Above example shows CRS suppose to run at run level 3 and 5; please note depend on platform, CRS comes up at different run level.

To find out current run level:

who -r

2. “init.ohasd run” is up

On Linux/UNIX, as “init.ohasd run” is configured in /etc/inittab, process init (pid 1, /sbin/init on Linux, Solaris and hp-ux, /usr/sbin/init on AIX) will start and respawn “init.ohasd run” if it fails. Without “init.ohasd run” up and running, ohasd.bin will not start:

ps -ef|grep init.ohasd|grep -v grep

root      2279     1  0 18:14 ?        00:00:00 /bin/sh /etc/init.d/init.ohasd run

If any rc Snncommand script. (located in rcn.d, example S98gcstartup) stuck, init process may not start “/etc/init.d/init.ohasd run”; please engage OS vendor to find out why relevant Snncommand script. stuck.

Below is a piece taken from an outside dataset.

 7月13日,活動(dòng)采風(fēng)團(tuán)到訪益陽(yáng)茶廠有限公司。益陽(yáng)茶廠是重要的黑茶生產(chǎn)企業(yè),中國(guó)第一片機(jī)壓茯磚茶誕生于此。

3. Cluserware auto start is enabled – its enabled by default

By default CRS is enabled for auto start upon node reboot, to enable:

$GRID_HOME/bin/crsctl enable crs

To verify whether its currently enabled or not:

cat $SCRBASE/$HOSTNAME/root/ohasdstr

enable

SCRBASE is /etc/oracle/scls_scr on Linux and AIX, /var/opt/oracle/scls_scr on hp-ux and Solaris

Note: NEVER EDIT THE FILE MANUALLY, use “crsctl enable/disable crs” command instead.

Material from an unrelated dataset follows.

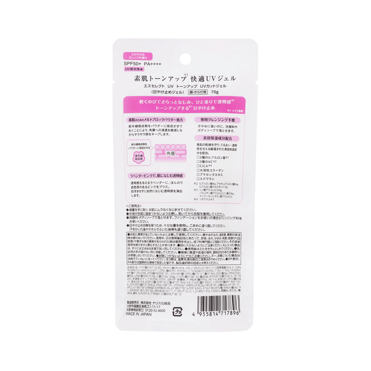 日本 Sセレクト ブライトニングサンスクリーンジェル SPF50+・PA++++ 70g 素肌のような輝き・軽いつけ心地でベタつかない

4. syslogd is up and OS is able to execute init script. S96ohasd

OS may stuck with some other Snn script. while node is coming up, thus never get chance to execute S96ohasd; if that’s the case, following message will not be in OS messages:

Jan 20 20:46:51 rac1 logger: Oracle HA daemon is enabled for autostart.

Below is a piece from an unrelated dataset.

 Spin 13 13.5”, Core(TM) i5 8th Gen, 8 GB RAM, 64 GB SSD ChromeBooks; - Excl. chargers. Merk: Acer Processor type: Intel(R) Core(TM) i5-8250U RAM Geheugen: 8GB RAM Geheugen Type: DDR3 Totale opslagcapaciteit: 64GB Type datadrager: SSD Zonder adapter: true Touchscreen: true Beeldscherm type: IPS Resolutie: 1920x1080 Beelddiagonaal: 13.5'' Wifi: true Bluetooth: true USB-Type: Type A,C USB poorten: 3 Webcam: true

If you don’t see above message, the other possibility is syslogd(/usr/sbin/syslogd) is not fully up. Grid may fail to come up in that case as well. This may not apply to AIX.

To find out whether OS is able to execute S96ohasd while node is coming up, modify ohasd:

From:

case `$CAT $AUTOSTARTFILE` in

enable*)

$LOGERR "Oracle HA daemon is enabled for autostart."

To:

case `$CAT $AUTOSTARTFILE` in

enable*)

/bin/touch /tmp/ohasd.start."`date`"

$LOGERR "Oracle HA daemon is enabled for autostart."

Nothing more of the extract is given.